Dreamt Wolves were Following Me

A wold looking into the camera as a representation of power and anger.

Strong Will of the Wolf

I’ve been dreaming of beasts for years.

Symbol of Anger

Early this morning I had a dream that wolves were in my neighborhood. I was out and about and hoping that they didn’t notice me. I was anxious.

Of course they did though. Once they had, they started following me and my anxiety creeped up a few notches. I tried to go hide in buildings and other structures to avoid them but of course everywhere I went, they were there too.

Finally I made it to my car, only to look out the driver’s side window to see one of their faces pressed up against it, looking at me. I was petrified at this point and thought of pushing the button that locks the doors, but didn’t just in case they were already locked and I pushed the wrong one and allowed them in. I didn’t have full motor control, that’s how anxious I was.

I woke up and wrote it down in my dream journal, where there are literally hundreds more like it. It’s not always wolves though, usually it’s lions or other big cats, vicious dogs or angry, intimidating looking bison with horns.

Every single one of those dreams is a carbon copy of each other. These beasts represent my anger and I’m always running away from it.

The dreams are messages from my subconscious telling me that I have dis-owned a part of myself and that I need to pay attention. It’s telling me that I need to reintegrate this part of me that I am cut off from – my shadow.

Anger Within

*** Shadow work is really a cool sounding way to describe the process of getting in touch with parts of yourself that you cut yourself off from. In our culture oftentimes it’s anger, but it could be sexuality, vulnerability or any other emotion that we have dis-owned.

According to many therapists what I’m supposed to do in that dream is to sit there and let the beasts come and rip me to shreds. So far after years and years of these dreams, I haven’t been able to do that. Too scared in the dreams. The symbolism of the wolves tearing me to pieces represents the old me being destroyed.

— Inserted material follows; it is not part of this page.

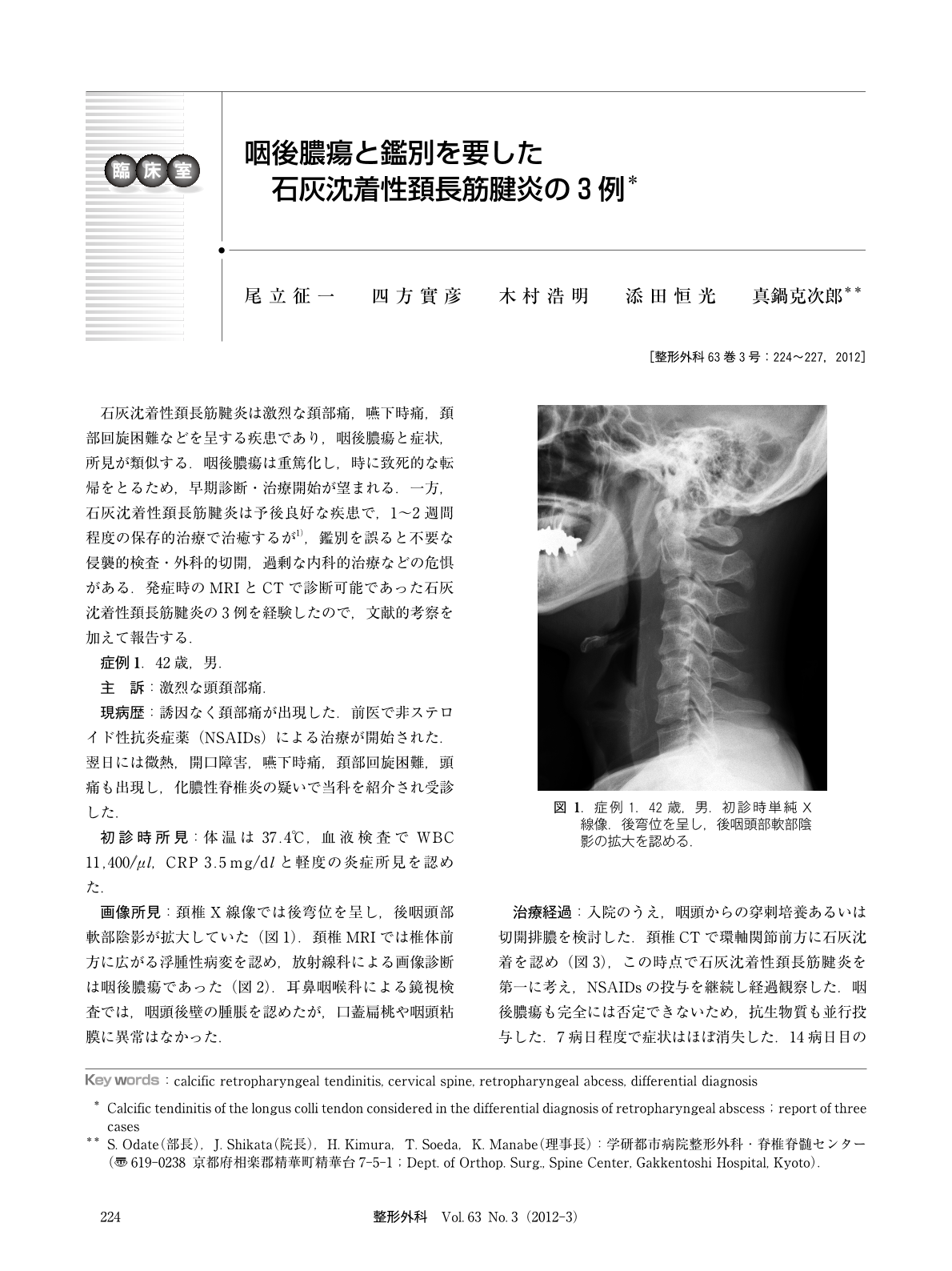 咽後膿瘍と鑑別を要した石灰沈着性頸長筋腱炎の3例臨床雑誌整形外科 63巻3号医書.jp。

If I can let that happen then the new me will be much stronger because I’ll be whole,  and so no longer fragmented.

Like it or not my anger is a part of me and the more I shut it down the more it hurts me. It hurts me physically in the form of continuous muscle tension, headaches, stress etc. It hurts me emotionally as I feel inadequate without it, and it hurts me socially as it’s hard to get my needs met, to be assertive, without my anger.

Of course as many of you following this blog know, I shut my anger down at a very young age as a coping mechanism, or survival strategy, in the presence of a very angry father.

I’m used to being that way and so it’s challenging for me in a couple of different ways to try to get my anger back, or more accurately to allow it to be part of me again.

One is because I’ve been so unaware of my anger my whole life that I have to consistently make an effort to check in with myself just to get in touch with it. Like I said it’s not a natural part of me like it is for some people. Some people walk around with their anger like a muscled guy on the beach and are not even aware they do so, it’s that natural for them.

I remember many years back saying to myself that I wasn’t an angry guy. That I never really experienced anger and that there was no reason for anybody else to be angry with me because I’m not hostile or pushy etc. and so I won’t instigate anything. I felt superior to others because of this. Of course that’s incredibly silly. At the time I couldn’t see that I was merely out of touch with my own anger and then judging people for theirs.

Man walking around blinded by the apple in front of his face.

Living life without Seeing

It’s easy to see others, not so easy to see ourselves. I remember having some female friends who grew up in religious households claiming so adamantly that they weren’t sexual beings, and had little to no interest in sex. I remember thinking, “I can definitely see that they do. In their small gestures and body language etc. Can’t they see how they are fooling themselves? How ridiculous!”

All the while here I was doing the exact same thing but with a different emotion.

Two, I was afraid of anger. My first experiences of anger were through my father (and mother to some degree) and I created the belief that anger was bad due to how much that emotion scared me. That’s why I said above that I felt better than others for not being an angry person, because anger hurt people and was dangerous.

Anger is neither good or bad. Like everything else in life it’s what you do with it. One thing I’ve learned now is that I need my anger, and that it’s unhealthy to not have it.

I’m trying although it hasn’t been easy. First I have to become aware of something that I never really knew was a part of me, and second I’m scared to death of it. Talk about obstacles being in your way.

All I know is that I need the wolves to come and get me. The old me needs to die.